Federalism Dimension

  • Asymmetric linguistic federalism: India’s linguistic States are approximations, not homogenous units.
  • Migration has blurred linguistic borders, increasing multilingual coexistence.
  • Language policy must reflect cooperative federalism, not competitive cultural politics.
  • Opposition from other States reflects extra-territorial anxieties, not constitutional violation.

Social Dimension

  • Linguistic pluralism is a core feature of Indian society.
  • Risk of identity-based mobilisation if language debates turn adversarial.
  • Protection of majority language need not imply marginalisation of minorities if safeguards are credible and implemented in good faith.

Governance & Administrative Dimension 

  • Official language laws aim to:
    • Improve administrative accessibility.
    • Strengthen cultural confidence of States.
  • However, poor communication and politicisation can:
    • Undermine inter-State trust.
    • Trigger unnecessary Centre–State frictions.

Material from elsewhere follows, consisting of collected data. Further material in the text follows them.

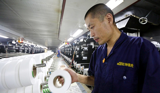 分段放流的問題解決沒多久,胡軍又對放流過程中形成的廢液打起了“主意”。因為這些廢液不僅不能使用,而且每噸還要花4千多元請外面的環(huán)保公司專門處理。要是有什么辦法能夠回收使用,是不是能夠變廢為寶呢?帶著這樣的疑問,他開始尋找回收廢液再利用的辦法。這個問題在那段時間里一直在腦海里不斷縈繞,他根據(jù)這兩種廢液的相關(guān)數(shù)據(jù),和同事們按照1:1的比例,倒入小型紡絲專用設(shè)備進(jìn)行循環(huán)混合一段時間后再紡絲,一開始的效果也不好,但是幾次調(diào)整后驚喜就發(fā)生了,混合形成的新原液不僅能紡絲,而且紡絲的質(zhì)量也遠(yuǎn)遠(yuǎn)超出了預(yù)期?,F(xiàn)在,用這兩種廢液為原料紡出來的絲每噸可賣到1萬元左右,又能回收廢液中的溶劑,完全實現(xiàn)了當(dāng)初變廢為寶的想法。
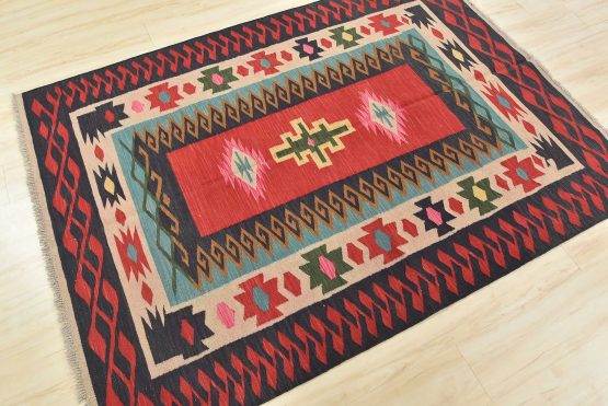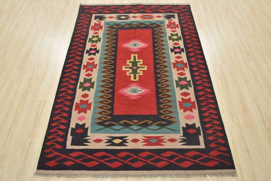 A tribal Kilim rug handwoven with fine wool on a wool foundation. This oriental rug features geometric motifs set against a red background. It is new and in excellent condition.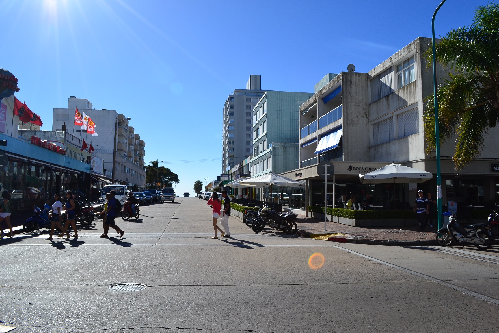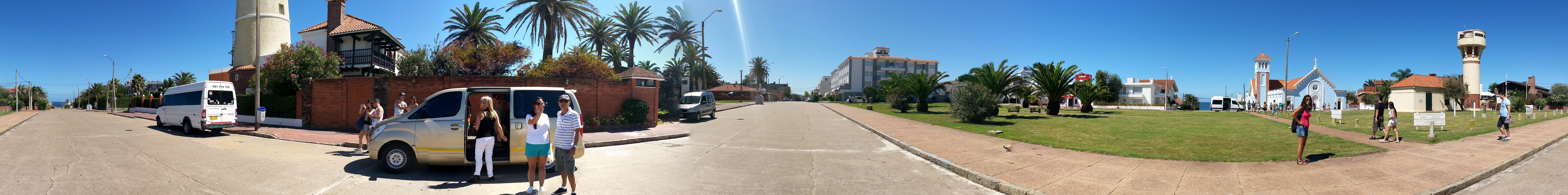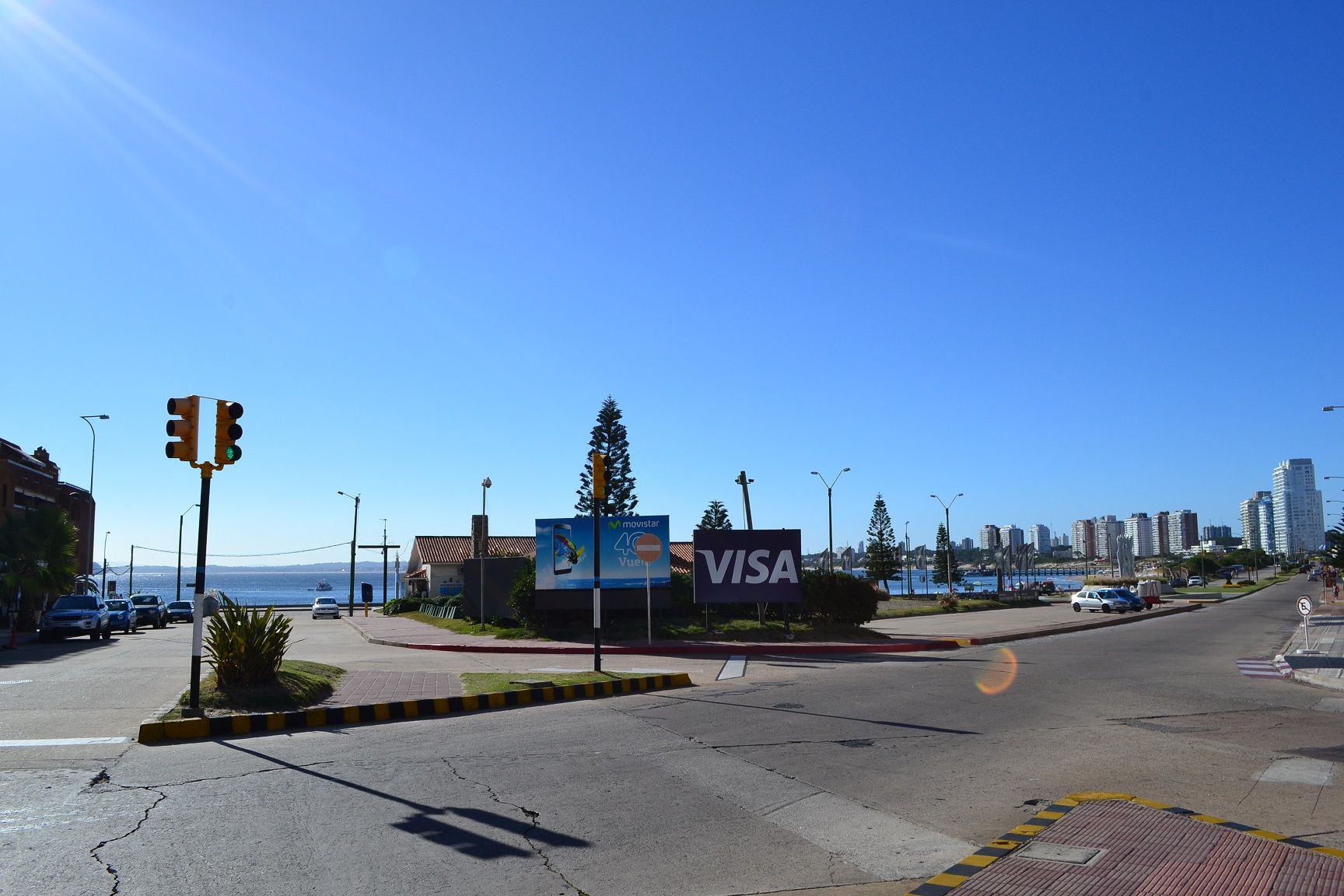 Começamos nosso City Tour, saindo pela direita sentido a Playa Mansa. Andamos por cerca de 10 minutos até chegarmos a ESQUINA DOS 4 MARES, ponto este que para as 4 direções que olhar poderá visualizar o mar ao fundo! Isso acontece devido à curta extensão de terra. A esquina se localiza no cruzamento das calles 8 e 7, próximo ao farol.
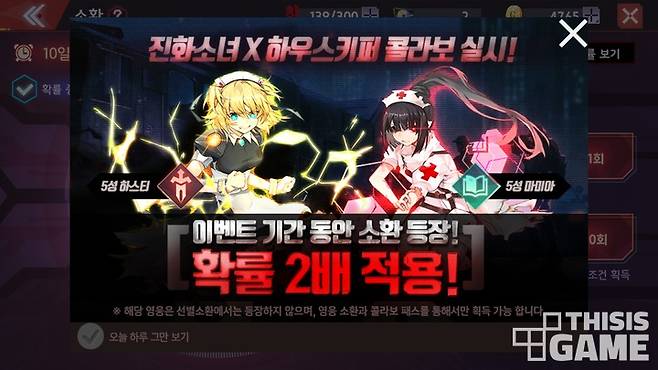 하지만 <진화소녀>는 무언가 특별한 것은 없어도, ‘미소녀 캐릭터 수집형 게임’이 갖춰야 할 재미 요소들을 충실하게 갖추고 있다. 또 ‘내가 원하는 캐릭터를 뽑고, 그 캐릭터를 육성해서 강해진다’ 라는, 기본 흐름 자체는 다른 게임들과 비교해봐도 평타 이상의 재미를 선사하고 있다. 그러니까 단순히 겉모습만 보고 그냥 지나치기에는 아까운 점 또한 많은 작품이라는 뜻이다.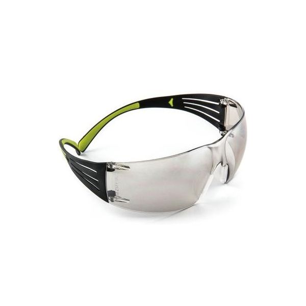 Skyddsglasögon med ljusgrå spegellins och beläggning mot repor och imma. Utrustad med mjuka, ultratunna skalmar för ökad komfort över öronen samt mjuka, justerbara näsbryggor.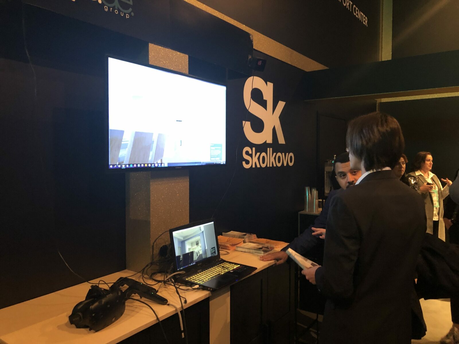 На российских стендах я нашёл и виртуальную реальность. Московская студия интерактивных проектов YODE Group привезла проект создания виртуальных симуляций продаваемой недвижимости. Разработчики сами делают модель объекта, включая такие тонкости, как приборы на столах, которые можно поднять и покрутить в воздухе.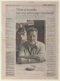 "Vine al mundo con una sobrecarga emocional" [entrevista] / [artículo] : Tania Merino Macchiavello. El Diario de Concepción (Concepción, Chile)-- feb. 7, 2010, p. 19. .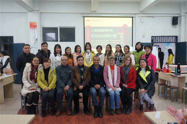 外语系于2014年12月12日下午3:00在口语口译实训室举行了英语教育专业12级毕业生优质课竞赛。此次比赛邀请了泸师附小、实验小学、英才外国语公司的教师,外语系外教Angela、Connie和Geoffrey担任评委,并邀请了教务处副处长何兵为特邀嘉宾莅临指导。参加大赛的有9位选手,她们经历了数月的小组试讲和激烈的初赛角逐后最终脱颖而出。所有参赛选手准备充分,口语自然流畅,教态大方得体,课堂设计新颖,能有效地运用多媒体现代技术、简笔画和多种辅助教具,课堂教学出色。在几位评委的公正评判下,大赛共评出一等奖1名,二等奖3名,三等奖5名。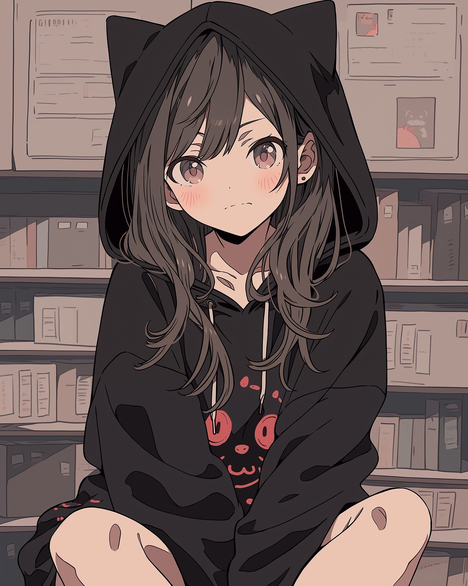 検索タグ:イラスト、ファッション、キャラクター、女性、女、女の子、女子、女の人、アニメ、漫画、マンガ、美人、美女、若い、かわいい、可愛い、カワイイ、人物、顔、美しい、綺麗、きれい、キレイ、アート、お洒落、挿絵、インスタ、Instagram、AI生成画像、fashion、コピースペース、おしゃれ、オシャレ、秋、秋服、待ち合わせ、秋冬ファッション、パーカー女子、猫耳、ダーク、黒、BLACK、ブラック、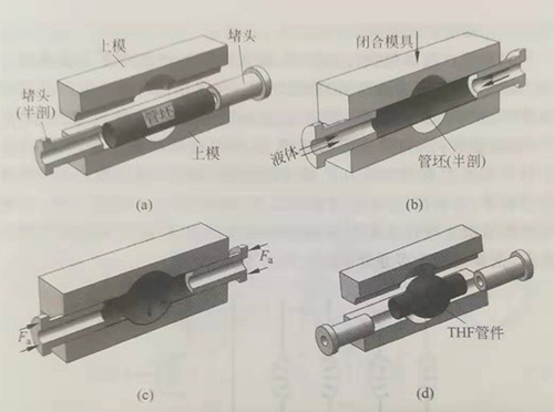 (d)管坯在內壓P和軸向壓力F的作用下脹形,填充模具型腔。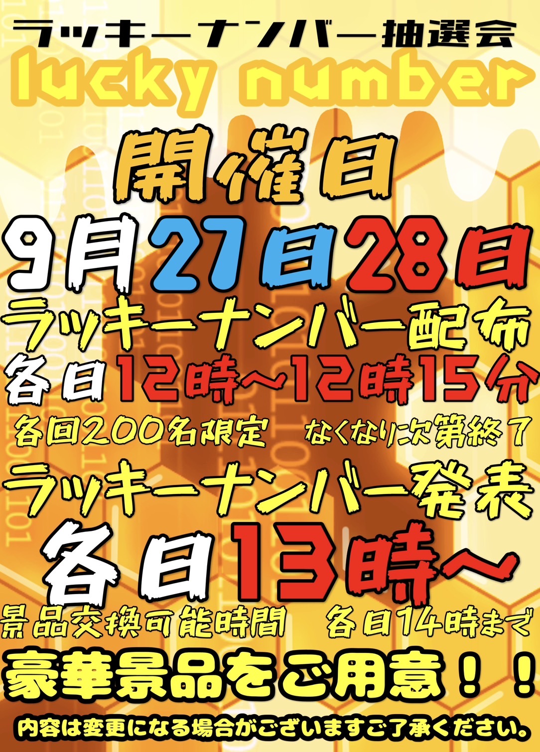 ★《9月27日・28日》ラッキーナンバー抽選会★ イベント 2025年9月27日 ★ラッキーナンバー抽選会★ ラッキーナンバー抽選会を開催12時から12時15分の間に配布限定200名無くなり次第終了!!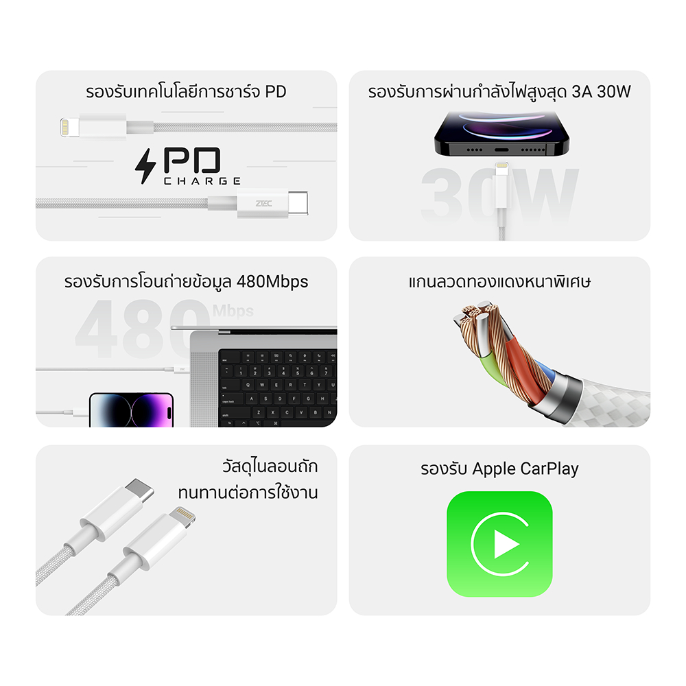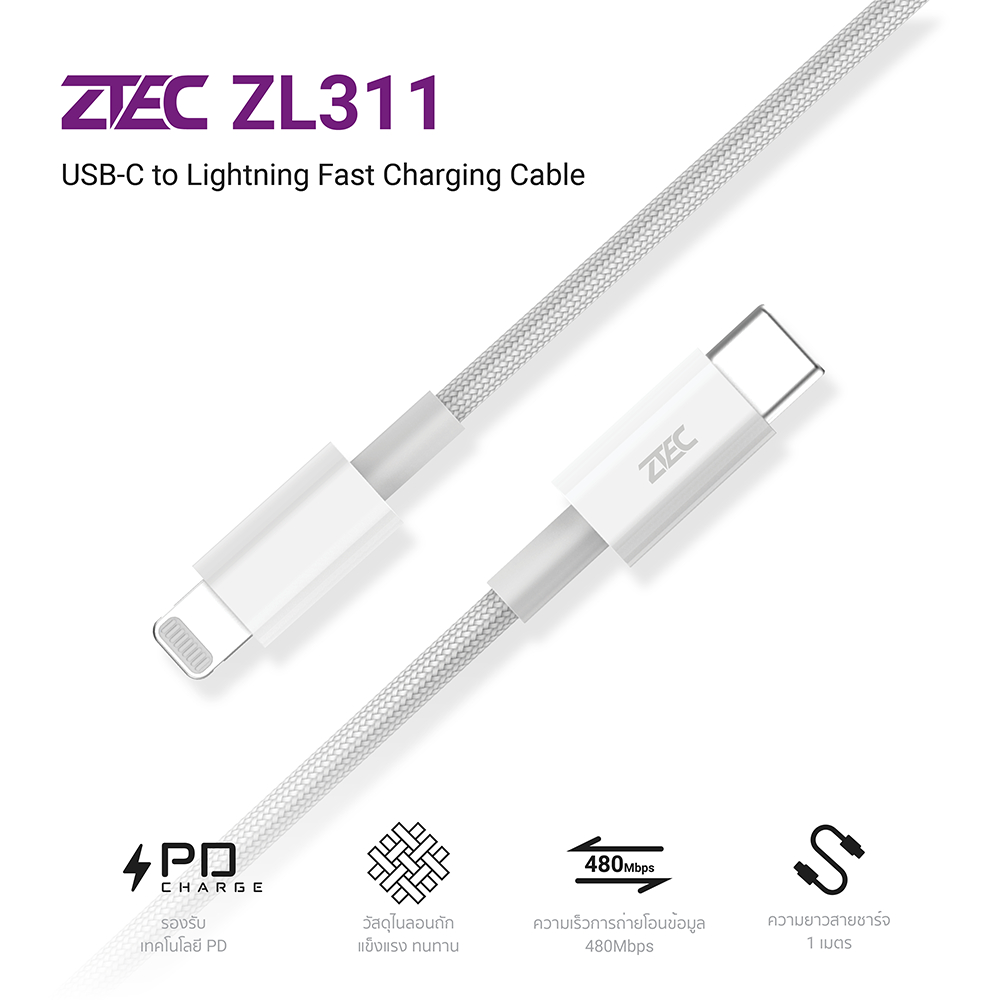 [ลดเหลือ 166] ZTEC (รวมสายชาร์จสำหรับ iPhone ทุกรุ่น) Type C to Lightning / C to C รองรับเทคโนโลยีชาร์จเร็ว PD -2Y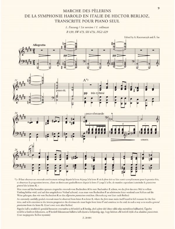 Supplementary Volume 16 of the New Liszt Edition contains free arrangements and technical exercises. In the first section can be found early versions of three arrangements. The first consists of the first and intermediary versions of a transcription of Die Rose, a song Schubert composed to a poem by Schlegel. The arrangement of the second movement of Berlioz's Harold Symphony also draws on literary inspiration: Lord Byron's (1788-1824) narrative poem Childe Harold's Pilgrimage (1812-18) was a literary experience Liszt shared with Berlioz. The fantasy on themes from Bellini's opera La sonnambula [The Sleepwalker] (here the first version of 1842, and the second version dating from the following decade are given) is important in music history because it was while he worked on this (and other operatic fantasies) that Liszt developed a new concept of the form, which took shape in more complex and more concentrated fantasies than before. Particularly interesting material can be found in the appendix. In addition to sketches and drafts for arrangements of Spanish themes, there are three sources published here for the first time, which shed light on technical aspects of Liszt's piano teaching. These are three sets of exercises: the first written by Liszt himself for Valérie Boissier in 1832, the second a copy in an unidentified hand from the same period or slightly later, and finally the third which was noted down in 1871 by Henri Maréchal in Rome based on the composer's dictation. This latest volume of the New Liszt Edition includes a detailed preface in German, English, and Hungarian containing new research findings, together with five manuscript facsimiles and critical notes. Simultaneously with the cloth-bound Complete Edition, a practical paperback version has been published, the contents of which are identical to those of the hardcover edition, minus the inclusion of critical notes.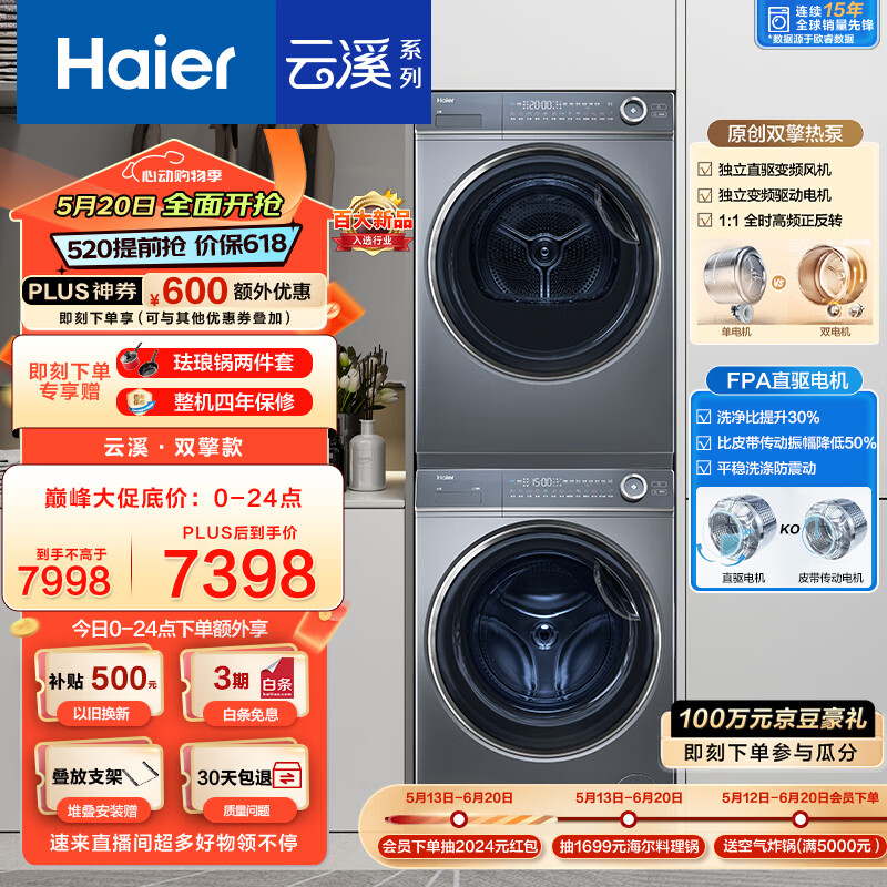 海尔(Haier)云溪176XS洗烘套装 10KG精华洗超薄滚筒洗衣机全自动+双擎热泵烘干机家用组合 376+176XS 以旧换新价格:7998.00元!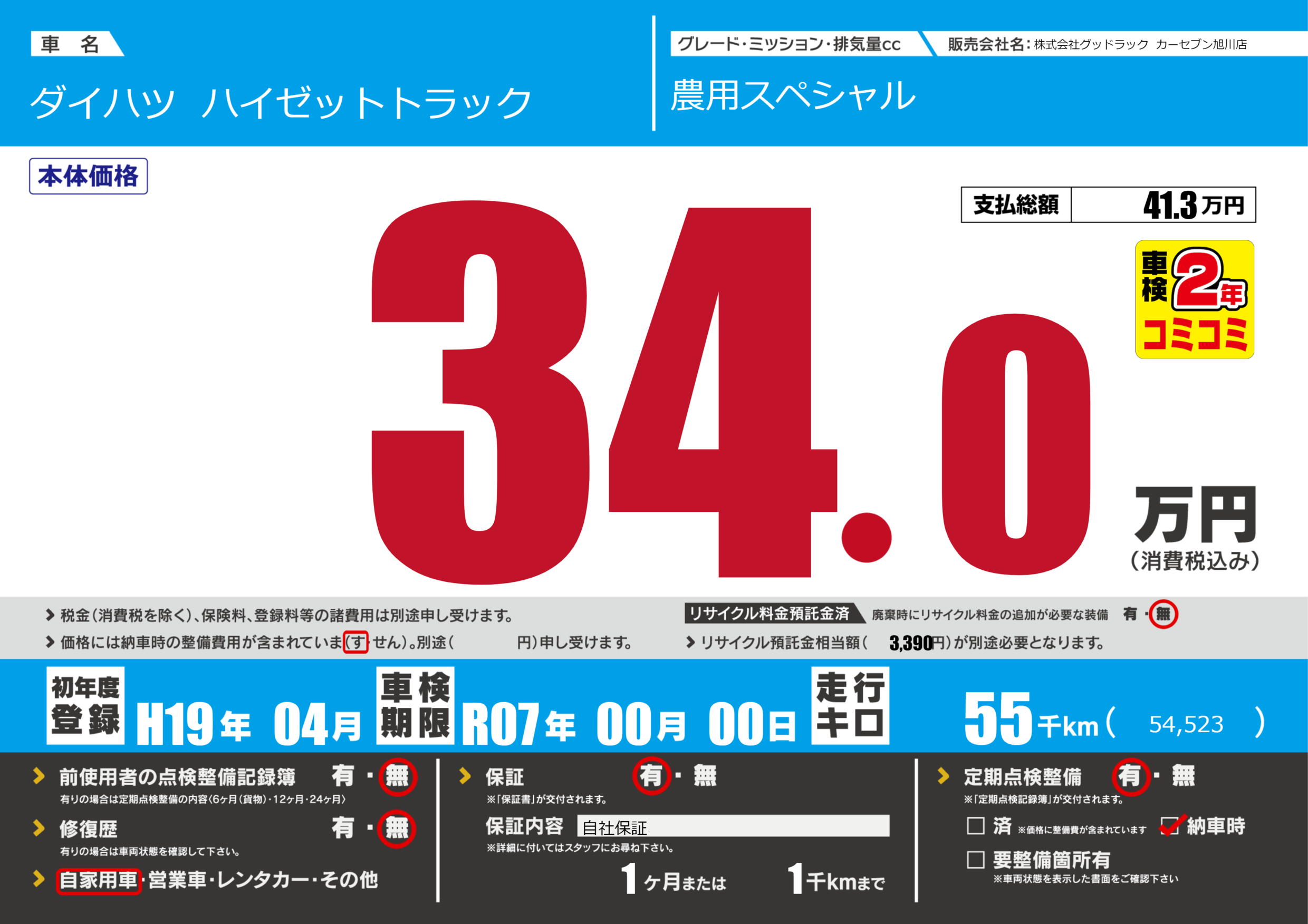 | 車検制限 | R07年 00月 00日 | ||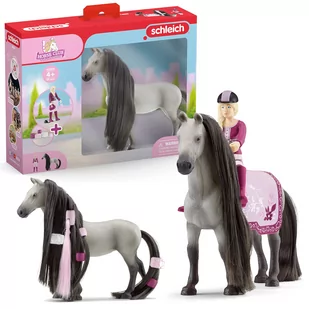 Nawet jeśli pasujący kolorystycznie kocyk jest w praniu. Do czesania, zaplatania i stylizacji! Idealny zestaw startowy: rozpakuj i zacznij bawić się i marzyć! Grzywa i ogon mogą być czesane i stylizowane! Zawartość: 1x klacz trakeńska z czesaną grzywą i ogonem, 1x w pełni ruchoma figurka Sofii, 1x koc dla konia, 1x kask, 5x spinki do włosów, 6x koraliki do włosów, 1x pasmo włosów z klipsem, 1x szczotka na palec Schleich 42584 - Horse Club - Sofia's Beauties - Zestaw startowy Sofia i DustySofia jest prawdziwą pasjonatką swojego nowego hobby - pielęgnacji koni. A jej klacz Dusty oczywiście nie ma nic przeciwko temu.

National Integration & Nation-Building

  • Language is both a cultural resource and a potential fault line.
  • Editorial stresses that the challenge is to:
    • Give every language its rightful place in administration and public sphere.
    • Avoid hostilities between communities.
  • Nation-building requires dialogue, not dominance.

Institutional Mechanisms Highlighted

  • Inter-State Council
    • Intended forum for resolving Centre–State and inter-State disputes.
    • Currently dormant and underutilised.
    • Editorial calls for strengthening its authority and role in language-related disputes.

Criticisms

  • Misinterpretation risk: Language laws easily politicised beyond text.
  • Centres inconsistency: Claims to promote all Indian languages but delays State legislation.
  • Dormant federal forums: Lack of structured dialogue escalates disputes to political arenas.
  • Hindi-centrism anxiety: Fear of “one-language cultural agenda” persists among non-Hindi States.

Way Forward 

  • Good-faith dialogue among linguistic groups at State and national levels.
  • Revitalise the Inter-State Council as a neutral mediator.
  • Transparent communication by States on minority safeguards in language laws.
  • Reinforce constitutional offices like Special Officer for Linguistic Minorities.
  • National language policy must be plural, not hierarchical, aligning with cultural federalism.

Prelims Pointers

  • States derive power to adopt official language from Article 345.
  • Linguistic minority protections are constitutionally guaranteed (Arts. 347, 350A, 350B).
  • Supreme Court has held that State Bills cannot be kept pending indefinitely by the Centre.
  • Inter-State Council is under Article 263.